Henderson v. Kleinman , 103 N.E.3d 683, 686 (Ind. Ct. App. 2018) (quoting Hughley v. State , 15 N.E.3d 1000, 1003 (Ind. 2014) ). A self-serving affidavit is sufficient to preclude summary judgment if it demonstrates there are material facts in dispute, but a self-serving affidavit will not preclude summary judgment if it merely disputes a legal issue. AM General LLC v. Armour , 46 N.E.3d 436, 441 (Ind. 2015). Summary judgment is not a summary trial, and we err on the side of allowing marginal cases to go to trial rather than short-circuiting potentially valid claims. Chmiel v. US Bank Nat'l Ass'n , 109 N.E.3d 398, 407 (Ind. Ct. App. 2018).

[7] Butler proceeds on appeal pro se. As such, she is held to the same legal standards as a trained attorney. Lowrance v. State , 64 N.E.3d 935, 938 (Ind. Ct. App. 2016), reh'g denied , trans. denied . Pro se litigants must "follow the established rules of procedure and must be prepared to accept the consequences of their failure to do so." Id.

I. Fraud

[8] Butler argues the trial court erred in granting summary judgment because genuine issues of material fact remain regarding whether Symmergy engaged in fraud. Butler asserts fraud as both an affirmative defense to Symmergy's claims and a cause of action against Symmergy. A contract induced by fraud is voidable. See Wagler v. West Boggs Sewer Dist., Inc. , 980 N.E.2d 363, 378 (Ind. Ct. App. 2012) ("We observe that contracts induced by fraud or duress are voidable."), reh'g denied , trans. denied , cert. denied , 571 U.S. 1131, 134 S.Ct. 952, 187 L.Ed.2d 786 (2014). Fraudulent inducement requires the claimant to prove:

(1) a material representation of past or existing facts which (2) was false, (3) was made with knowledge or reckless ignorance of its falsity, (4) was made with the intent to deceive, (5) was rightfully relied upon by the complaining party, and (6) proximately caused injury to the complaining party.

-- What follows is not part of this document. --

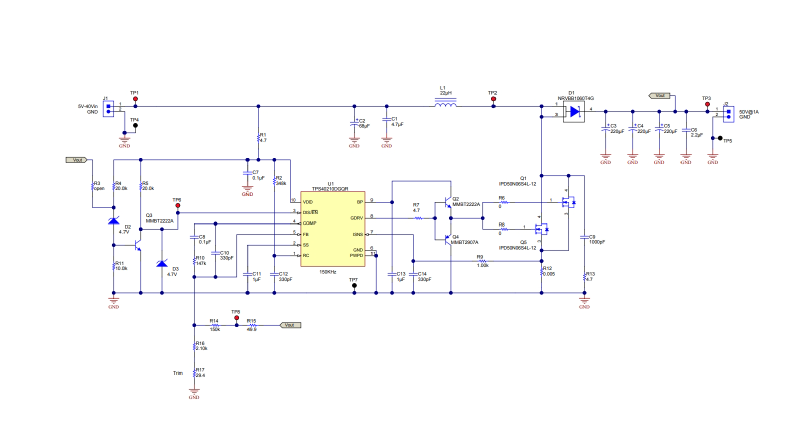 此 50V/1A 升压转换器设计为以标称 12V 输入电压运行,但会在 5V - 40V 的汽车类范围中运行。此设计的成本低,且仅需要 50mm x 50mm 的面积。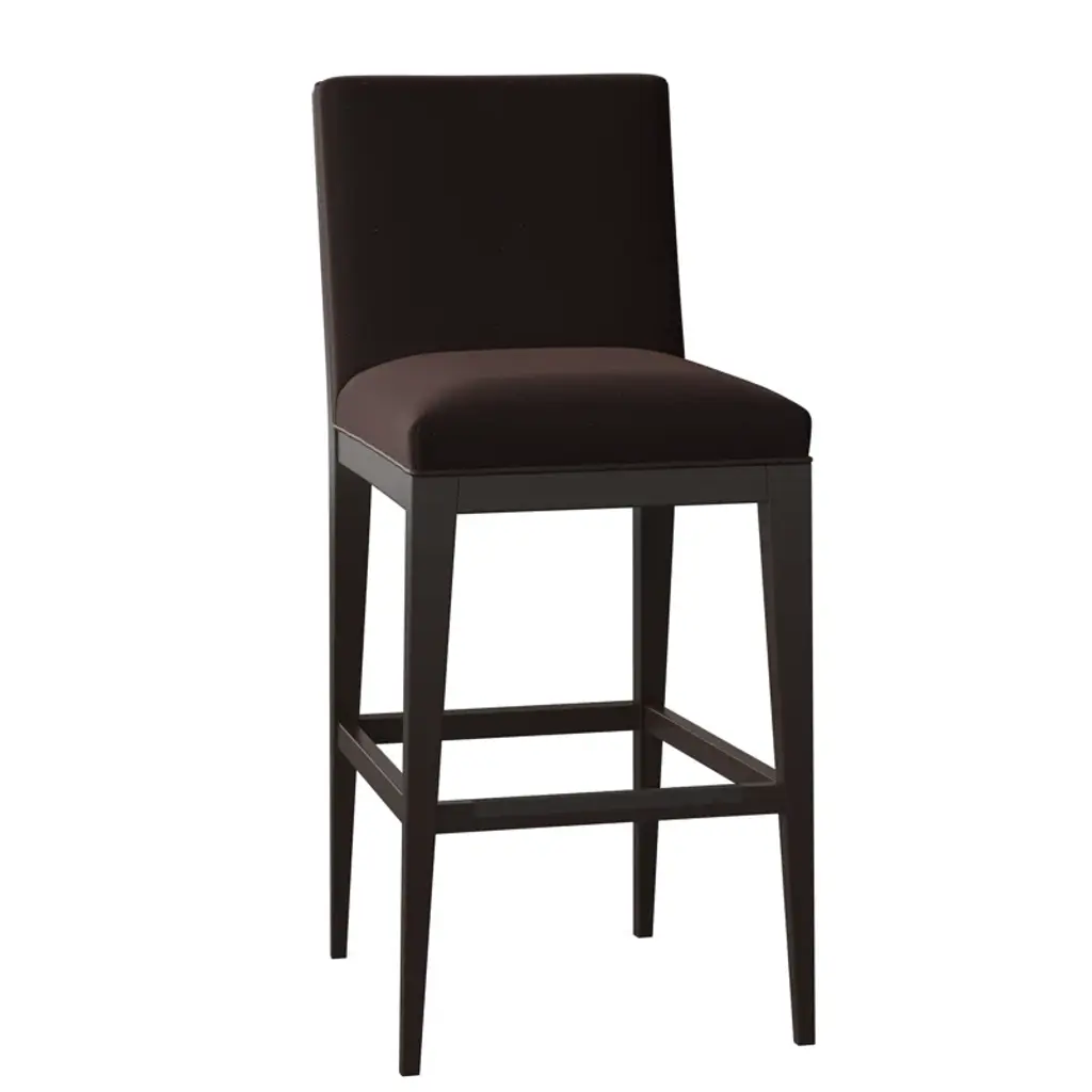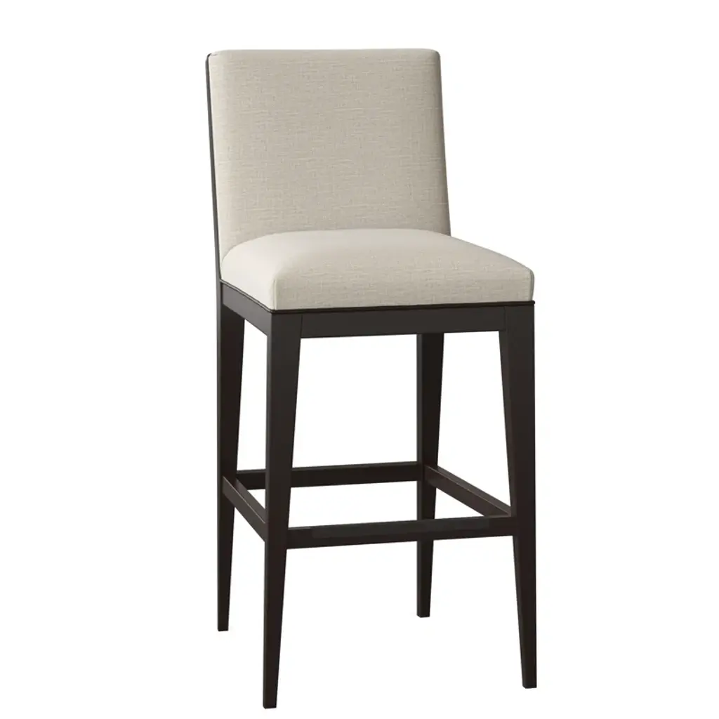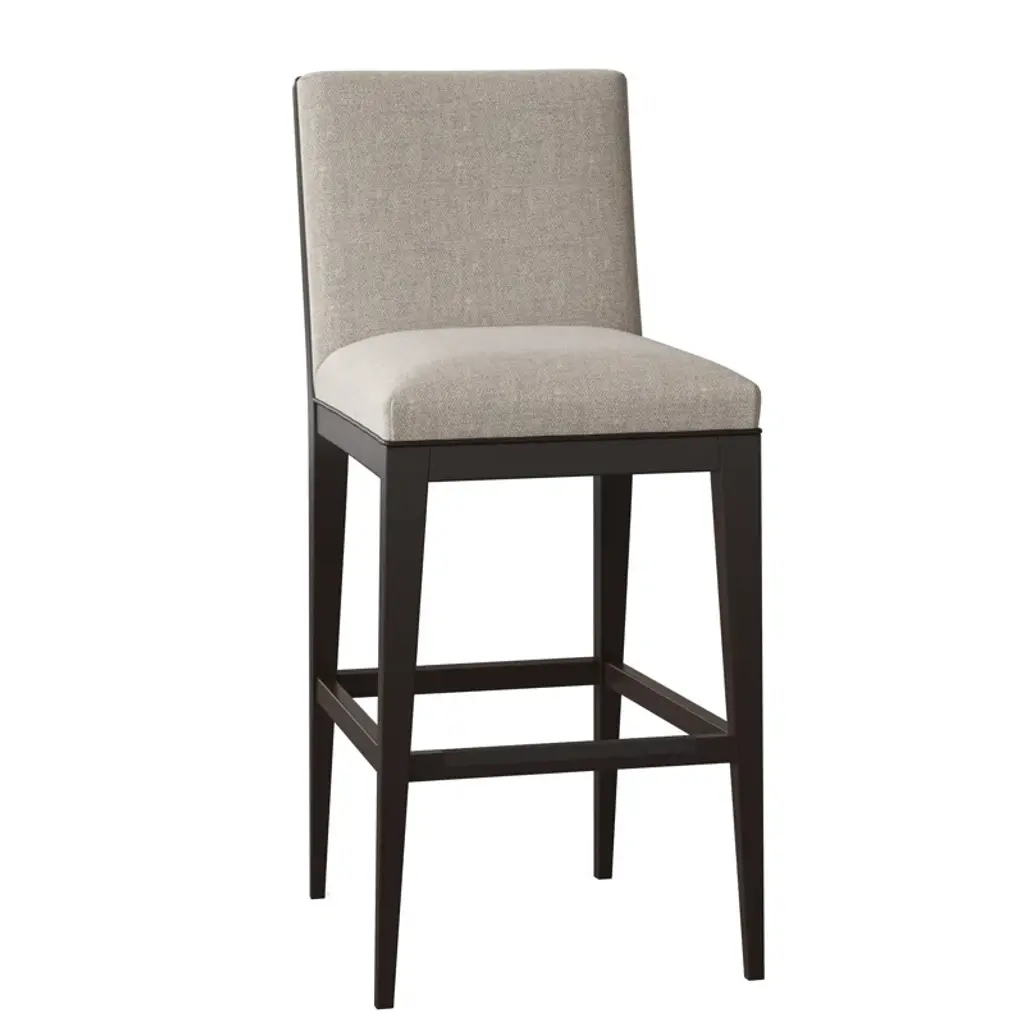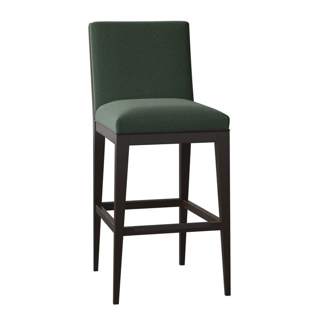 An exposed beech wood frame with a picture frame back is raised on tall tapered legs. The inside back and seat are upholstered.

Great Lakes Anesthesia, P.C. v. O'Bryan , 99 N.E.3d 260, 272 n.6 (Ind. Ct. App. 2018).

[9] Fraud may also be constructive, which requires proof of similar, but slightly different, elements:

1) a duty owing by the party to be charged to the complaining party due to their relationship; 2) violation of that duty by the making of deceptive material misrepresentations of past or existing facts or remaining silent when a duty to speak exists; 3) reliance thereon by the complaining party; 4) injury to the complaining party as a proximate result thereof; and 5) the gaining of an advantage by the party to be charged at the expense of the complaining party.

Heyser v. Noble Roman's Inc. , 933 N.E.2d 16, 19-20 (Ind. Ct. App. 2010), reh'g denied , trans. denied . A claim for constructive fraud may arise between a buyer and a seller. Mullen v. Cogdell , 643 N.E.2d 390, 401 (Ind. Ct. App. 1994), reh'g denied , trans. denied . "The law recognizes that in a buyer-seller relationship one party may be in the unique possession of knowledge not possessed by the other and may thereby enjoy a position of superiority over the other. The relationship is therefore one which [sic] invokes a duty of good faith and fair dealing." Id. Consequently, both the buyer and the seller each owe "a duty to the other to engage in a course of conduct that represent[s] good faith and fair dealing." Id.

[10] In his affidavit in support of Symmergy's combined motion for summary judgment, Dr. Golden averred that

representatives from [Symmergy] fully disclosed to [Butler] that because she is a bodily injury patient, it is the normal and customary practice for [Symmergy] to submit bills only to her auto insurance carrier, with the understanding that [Symmergy] would receive payments in full under the medical payments/medpay provision of said policy. If payments in full were not received by [Symmergy], then [Butler] would be responsible for said payment per the aforementioned Doctor's Lien.